* [DATA IN THIS EXERCISE]
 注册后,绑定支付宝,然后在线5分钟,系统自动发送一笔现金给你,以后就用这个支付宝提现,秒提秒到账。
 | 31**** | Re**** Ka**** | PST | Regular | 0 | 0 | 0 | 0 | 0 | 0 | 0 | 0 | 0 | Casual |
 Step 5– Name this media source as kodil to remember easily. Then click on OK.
* * *
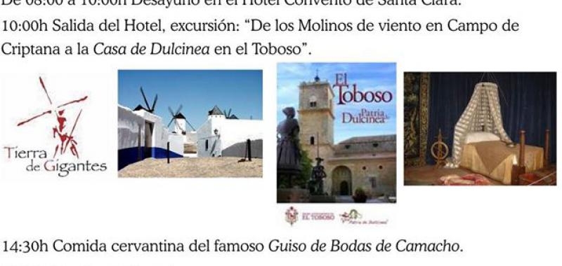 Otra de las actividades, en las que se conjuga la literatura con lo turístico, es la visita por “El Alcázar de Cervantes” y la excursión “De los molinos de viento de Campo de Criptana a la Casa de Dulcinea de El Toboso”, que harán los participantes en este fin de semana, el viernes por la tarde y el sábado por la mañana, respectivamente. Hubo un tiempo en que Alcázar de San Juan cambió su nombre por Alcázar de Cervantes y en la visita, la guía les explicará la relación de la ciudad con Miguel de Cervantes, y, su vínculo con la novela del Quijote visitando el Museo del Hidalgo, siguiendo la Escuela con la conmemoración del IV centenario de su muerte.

* [INSTRUCTIONS TO FOLLOW]
Extract the lines of the preceding material that run from the line with "0 | Casual |" through the line with "Step 5– Name", inclusive, reproducing them exactly and adding nothing.

* [REPLY]
 | 31**** | Re**** Ka**** | PST | Regular | 0 | 0 | 0 | 0 | 0 | 0 | 0 | 0 | 0 | Casual |
 Step 5– Name this media source as kodil to remember easily. Then click on OK.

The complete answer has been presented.